Iowa Alumni Magazine | November 2017 | News

Lifelong Loyalty

By Josh O'Leary
Two longtime Hawkeye fans reach remarkable milestones at Kinnick Stadium.
PHOTO: TIM SCHOON / UI OFFICE OF STRATEGIC COMMUNICATION Marilyn Neely, 50BA, second from left, celebrated 70-plus seasons of Hawkeye football fandom in September at Kinnick Stadium with son, Bob Neely, 82BSEE; granddaughter Eva Jones; and daughter, Susan Neely, 78BA.

Iowa’s football record books are filled with notable streaks: the 20-straight victories in the 1920s, the eight consecutive bowl berths under Hayden Fry, and the 58-straight home sellouts that ended in 1990.

Even those historic runs, though, can’t measure up to the attendance milestones reached by a pair of UI alumni this season. Bob Morrow, 72BSPH, of Avon, Illinois, was presented with UI Athletics’ Fight for Iowa award during the Penn State game in September after attending Hawkeye home games for 50 seasons without missing a single date. That same night, Marilyn Neely, 50BA, of Iowa City, attended what is believed to be her 70th straight home Big Ten opener—an occasion the university helped her celebrate with a tour of the Hansen Football Performance Center and a pregame visit to the sidelines.

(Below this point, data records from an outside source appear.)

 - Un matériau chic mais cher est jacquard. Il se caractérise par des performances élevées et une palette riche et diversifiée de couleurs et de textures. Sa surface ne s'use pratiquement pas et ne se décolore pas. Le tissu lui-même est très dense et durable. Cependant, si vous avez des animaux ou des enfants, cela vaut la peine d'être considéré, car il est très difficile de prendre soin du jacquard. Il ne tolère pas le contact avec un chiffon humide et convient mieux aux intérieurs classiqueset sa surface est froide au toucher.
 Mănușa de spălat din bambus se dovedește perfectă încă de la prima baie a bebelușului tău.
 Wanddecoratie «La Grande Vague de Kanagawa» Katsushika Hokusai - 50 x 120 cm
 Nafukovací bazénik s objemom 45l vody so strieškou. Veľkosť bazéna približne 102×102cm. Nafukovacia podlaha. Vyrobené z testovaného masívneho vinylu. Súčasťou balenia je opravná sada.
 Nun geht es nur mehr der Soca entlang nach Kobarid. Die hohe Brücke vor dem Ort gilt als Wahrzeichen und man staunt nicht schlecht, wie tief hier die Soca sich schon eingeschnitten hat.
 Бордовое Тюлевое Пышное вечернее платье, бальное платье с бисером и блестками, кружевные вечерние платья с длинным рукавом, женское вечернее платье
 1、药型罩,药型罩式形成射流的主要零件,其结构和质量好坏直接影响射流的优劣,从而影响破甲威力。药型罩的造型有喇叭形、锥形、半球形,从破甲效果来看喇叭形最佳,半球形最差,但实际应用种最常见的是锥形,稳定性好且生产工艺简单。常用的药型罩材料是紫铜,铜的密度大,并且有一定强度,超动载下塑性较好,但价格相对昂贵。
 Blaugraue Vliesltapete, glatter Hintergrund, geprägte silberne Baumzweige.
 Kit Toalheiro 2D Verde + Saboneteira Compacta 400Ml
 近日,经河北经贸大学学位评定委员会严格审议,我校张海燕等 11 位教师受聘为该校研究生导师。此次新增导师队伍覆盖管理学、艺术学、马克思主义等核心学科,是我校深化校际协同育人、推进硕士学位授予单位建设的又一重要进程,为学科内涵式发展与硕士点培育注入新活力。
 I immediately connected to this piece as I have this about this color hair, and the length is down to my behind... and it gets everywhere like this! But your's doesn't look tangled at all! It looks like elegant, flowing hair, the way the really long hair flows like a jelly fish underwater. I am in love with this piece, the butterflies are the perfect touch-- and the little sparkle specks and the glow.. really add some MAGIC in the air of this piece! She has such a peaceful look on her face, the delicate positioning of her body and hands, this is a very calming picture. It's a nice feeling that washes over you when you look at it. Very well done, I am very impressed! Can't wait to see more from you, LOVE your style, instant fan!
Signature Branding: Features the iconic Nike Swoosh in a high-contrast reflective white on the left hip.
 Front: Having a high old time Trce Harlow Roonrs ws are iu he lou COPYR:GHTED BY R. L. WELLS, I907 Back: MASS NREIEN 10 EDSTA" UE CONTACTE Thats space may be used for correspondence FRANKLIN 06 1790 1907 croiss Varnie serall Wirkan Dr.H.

Few have witnessed more Hawkeye football history firsthand than Morrow and Neely, who each began attending games as UI freshmen and have been fixtures in the stands ever since. Morrow, 68, a retired pharmacist, began his streak in 1967 and faithfully makes the trip back on game days—not to mention plenty of other UI sporting events—from his home in western Illinois.

PHOTO: COURTESY BOB MORROW Hawkeye fanatic Bob Morrow, 72BSPH, hasn’t missed a home game at Kinnick Stadium in 50-straight seasons and counting.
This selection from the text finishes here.